The Texas Department of Criminal Justice (TDCJ) operates the Houston V District Parole Office in Pasadena.
There are four post offices in the city limits. In July 2011 the USPS announced that one, John Foster Post Office, may close.
The city has several museums, including the Pasadena Historical Museum, the Bay Area Museum and Armand Bayou Nature Center. Pasadena also has a community theater, an annual rodeo and the Pasadena Philharmonic. The city's newspaper is the Pasadena Citizen
The Champion paper mill closed in 2005. Because of the odor from the plant, Pasadena had been dubbed by locals with the nickname "Stinkadena." Several country music songs have been recorded with "Pasa-get-down-dena" as the title including Kenefick on their album "Hard Road."

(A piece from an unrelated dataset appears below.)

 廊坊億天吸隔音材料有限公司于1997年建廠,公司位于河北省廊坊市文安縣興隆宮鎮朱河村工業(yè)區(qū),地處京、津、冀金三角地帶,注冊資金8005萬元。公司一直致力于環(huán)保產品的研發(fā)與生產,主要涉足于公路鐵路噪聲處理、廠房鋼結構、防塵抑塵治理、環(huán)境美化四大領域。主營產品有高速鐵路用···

John Travolta, Debra Winger and other actors came to the city to film the 1980 hit movie Urban Cowboy, which depicted life and young love in Pasadena. The film centered on the city's honky-tonk bar Gilley's, which was co-owned by country music star Mickey Gilley. In 1989, Gilley's suffered an arson fire that gutted the interior of the building, including the mechanical bull used in Urban Cowboy. The shell of the building stood until 2006, when it was demolished by the Pasadena Independent School District, its current owner. Only the old sound recording studio remains. Gilley still resides in Pasadena. The old address of Gilley's is a used-car lot.
Clara Barton of the American Red Cross purchased 1.5 million strawberry plants and sent them to Pasadena to help victims of the flood get back on their feet. By the 1930s those crops had flourished so much that Pasadena was claiming the title ofStrawberry Capital of the World. At its height, the city's strawberry growers shipped as many as 28 train carloads of strawberries each day. To honor that history, the city still holds an annual Pasadena Strawberry Festival. Strawberry Road stretches through much of the city near where the old strawberry crops grew. Attendance at the annual Strawberry Festival was 56,000 in 2008.

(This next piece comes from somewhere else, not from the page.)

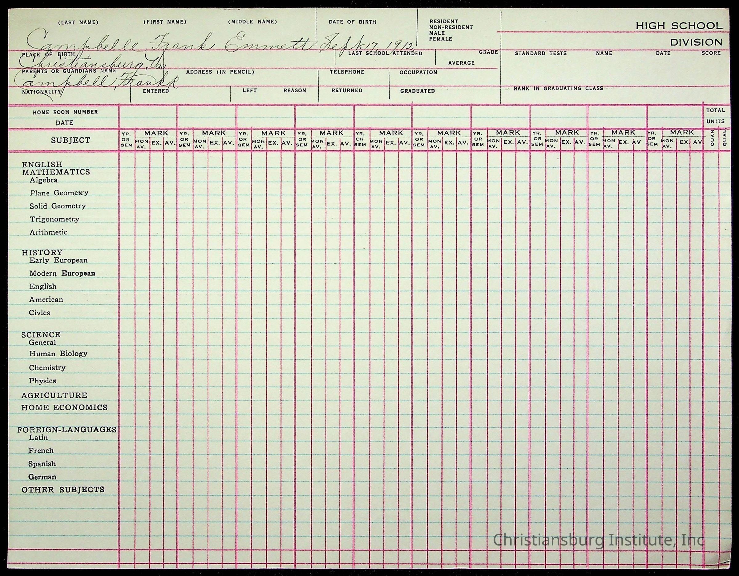 The student file for the Christiansburg Institute student, Frank Emmett Campbelle circa 1930s.
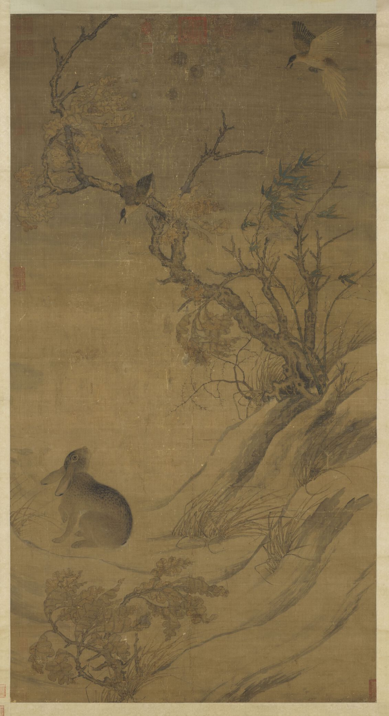 古代画家也喜欢选取兔子的形象入画。汉画中除与祥瑞和神仙有关的兔子画像外,更多地出现于狩猎图中,在猎人追逐下狂奔,是汉魏墓室壁画常见的题材。在平和的环境中,兔子更是画家乐于摹写的对象。在三国时期孙吴朱然墓出土的漆盘画《季扎挂剑图》下方,绘有二兔,前面的回首反顾,后面的紧紧相随,为画幅增添了几分野趣。宋代画家也有画兔的佳作存世,如崔白作《双喜图》轴。在辽宁叶茂台辽墓,出土过两幅目前中国古墓中发现的时代最早的装裱成轴的画,其中一幅是“竹雀双兔图”,图中竹丛、野花、双兔、麻雀相映成趣,反映出辽代绘画的风貌。

Pasadena Philharmonic Society and Orchestra is a combination of two groups. The Society is composed of members of the local community that support the fine arts and classical music. The Orchestra is composed of local music educators, musicians, college students and selected high school students. The Orchestra presented its first performance in the fall of 1982. The Philharmonic has presented performances ever since.
Pasadena owns the Pasadena Public Library with the Main Library at 1201 Jeff Ginn Memorial Drive and the Fairmont Library, a branch, at 4330 Fairmont Parkway between Panama Street and Watters Road.

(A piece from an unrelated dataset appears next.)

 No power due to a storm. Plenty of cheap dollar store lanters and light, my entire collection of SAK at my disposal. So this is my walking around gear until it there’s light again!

The city operates 15 tennis courts, several baseball fields, and a total of 43 parks total. These include over 14 miles (23 km) of trails, four Youth Recreation Centers, an Adaptive Recreation center, three pools for Swimming or Aquatics, an Athletics department, a Dog Park, Party Rentals, a Golf Course, an Historical Museum, and a Senior Citizen Center.
Harris County operates several community centers in Pasadena.
Local residents have access to tennis courts, soccer fields, jogging tracks, walking tracks, picnic tables, family gathering pavilions at Pasadena's 47 parks, 5 swimming pools, and 5 game room buildings, museum, recreation center, 15 tennis courts and 21 ball fields.
San Jacinto Branch YMCA is located in Pasadena.
Armand Bayou Nature Center (ABNC) is a 2,500 acres (1,000 ha) preserve on the western shore of Galveston Bay in Pasadena. It is the only remnant of this region's original eco-systems: coastal tallgrass prairie, bottomland forest and bayou. A diversity of plant life has taken root here, including bottomland hardwoods. Hundreds of species of wildlife thrive in the narrow wooded streams and scattered lakes, ponds and marshes. Armand Bayou also is a breeding and nursery ground for many finfish and shellfish and a haven for rarely seen species such as bobcats and owls.
As of 2010 ABNC has been designated as one of five preserves under the Texas Coastal Preserve Program of the Texas Parks and Wildlife Department.